We also know that we are not doing enough testing as the positivity rate is so high (7% overall for Pillar 2 tests and up to 15% in some areas such as Liverpool) (see this thread)
So, how do we go about estimating R? Here’s a post I wrote in January explaining R in relation to Covid-19 (which then didn’t have an official name) in relation to Covid-19 (which then didn’t have an official name)
To estimate R, we carry out surveys – which means you pick a representative group of people, either households or individuals, and test them repeatedly. There are two main surveys: ONS and REACT
ONS excludes student halls of residence, as ‘only private residential households, otherwise known as the target population in this bulletin, are included in the sample. People in hospitals, care homes and other institutional settings are not included’. This is confirmed here.
The REACT survey uses GP lists to generate its sample of people who are tested. But of course, new students are only just registering with their GPs, and it is unclear when the GP lists were pulled for the latest study (Round 5 of REACT-1, 18-26 Sep)
We know that halls of residence are a significant driver of transmission.
We may be systematically under-sampling from halls of residence and therefore systematically underestimating R.
The Wall Street Journal is reporting that “New York City on Wednesday will close public schools and nonessential businesses in parts of Brooklyn and Queens that have registered a week-long spike in coronavirus cases”
Let’s look at New York and then compare to a UK city, Liverpool.
Cases are high in some New York boroughs. Up to 216 cases per 100,000 per week. But school closures are also being implemented in areas with 89 cases per 100,000 (source: New York Times)
Let’s compare with Liverpool. Here is the latest @PHE_uk report. Liverpool has cases of 238 cases per 100,000 in a week. Which is slightly higher than the highest rate ZIP code in NYC.
But remember, Liverpool’s figures are for the whole local authority.
Let’s dig a little deeper into Liverpool. Here’s the map. We can see some areas with incidence in excess of 1200 cases per 100,000. That’s very high. And don’t forget this is detected cases. The number of cases will be much higher.
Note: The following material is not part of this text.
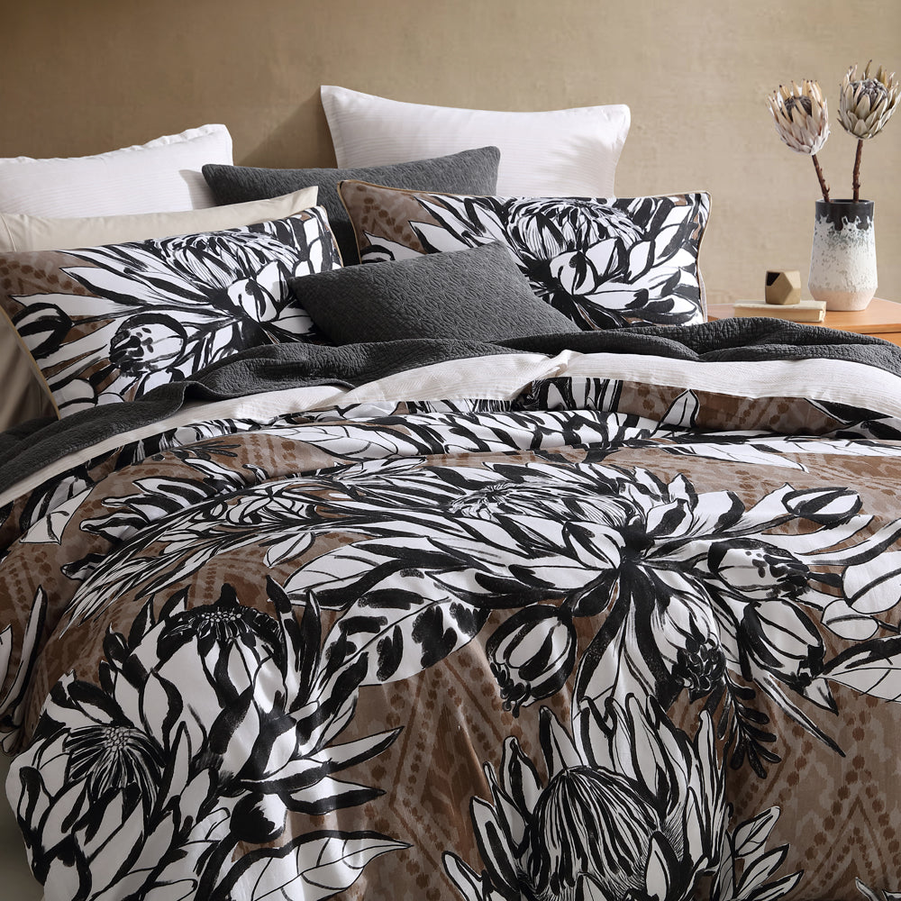 Logan and Mason Hinton Queen bed quilt cover set, where modern elegance meets the beauty of the Australian landscape. Hand-drawn black and white native Protea flowers gracefully bloom on a textured caramel geo print base, creating a striking contrast, while the reverse side features a textured stripe in white and caramel for a sophisticated and versatile ensemble that seamlessly blends contemporary style with natural charm.
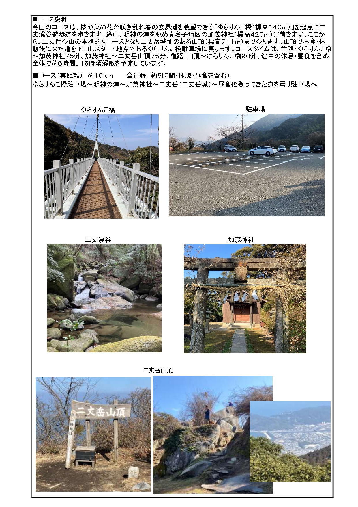 - 集合場所:加茂ゆらりんこ橋駐車場(福岡県糸島市二丈福井) Google Map

But how do we know that there hasn’t been enough testing? We look at positivity. Positivity is the number of people who test positive divided by the number of people tested. And this is what NYC uses to determine whether schools should be closed.
If an area of NYC has positivity greater than 3% – three in every 100 tests being positive – then schools close. What does positivity tell us? Whether enough tests are being performed.
“the World Health Organization recommended in May that the percent positive remain below 5% for at least two weeks before governments consider reopening.” (Johns Hopkins University)
So, given that positivity is set at a threshold of 3% for school closures in NYC and WHO suggest 5% before reopening, this begs the question – What is the positivity in Liverpool?
Just under 15%, according to the latest published data (PHE week 40 reporting). Which means that around 15% of all tests in Liverpool come back positive. That’s *very high*. And means not enough testing is being carried out. And this is a problem.
This is just an example of a city with large positivity. Extra testing capacity has been sent to Liverpool presumably due to students returning to universities there. This is not a Liverpool problem – it’s a national problem.